Project description:Although Apc mutation is widely considered an initiating event in colorectal cancer, little is known about the earliest stages of tumorigenesis following sporadic Apc loss. Therefore, we have utilized a novel mouse model that facilitates the sporadic inactivation of Apc via frameshift reversion of Cre in single, isolated cells and subsequently tracks the fates of Apc-deficient intestinal cells. Our results suggest that consistent with Apc being a 'gatekeeper', loss of Apc early in life during intestinal growth leads to adenomas or increased crypt fission, manifested by fields of mutant but otherwise normal-appearing crypts.
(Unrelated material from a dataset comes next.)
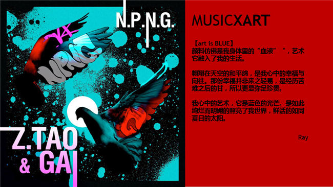 除了歌曲本身,《不劳不获》的封面设计也是该曲的一大亮点,它的设计者是来自俄罗斯的涂鸦艺术家Ray,他表示对于艺术的热爱是蕴藏在自己的基因里,而黄子韬新歌传递的正气感也是他所追求的,所以一拍即合有了这幅代表着自由和爱的艺术品。封面中白鸽羽翼上的红蓝撞色,即寓意着经历曲折后来临的幸福,这份勇气最终会支撑我们渡过困难,到达顺境。
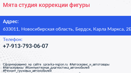 Мята, студия коррекции фигуры по адресу 633011, Новосибирская область, Бердск, Карла Маркса, 2Б в дальнейшем Организация, размещена в следующих категориях:

In contrast, Apc loss occurring later in life has minimal consequences, with mutant crypts being less prone to either increased crypt fission or adenoma formation. Using the stem cell-specific Lgr5-CreER mouse, we generated different sized fields of Apc-deficient crypts via independent recombination events and found that field size correlates with progression to adenoma. To evaluate this early stage prior to adenoma formation as a therapeutic target, we examined the chemopreventive effects of sulindac on Apc-deficient occult crypt fission. We found that sulindac treatment started early in life inhibits the morphologically occult spread of Apc-deficient crypts and thus reduces adenoma numbers. Taken together these results suggest that: (i) earlier Apc loss promotes increased crypt fission, (ii) a field of Apc-deficient crypts, which can form via occult crypt fission or independent neighboring events, is an important intermediate between loss of Apc and adenoma formation and (iii) normal-appearing Apc-deficient crypts are potential unappreciated targets for cancer screening and chemoprevention.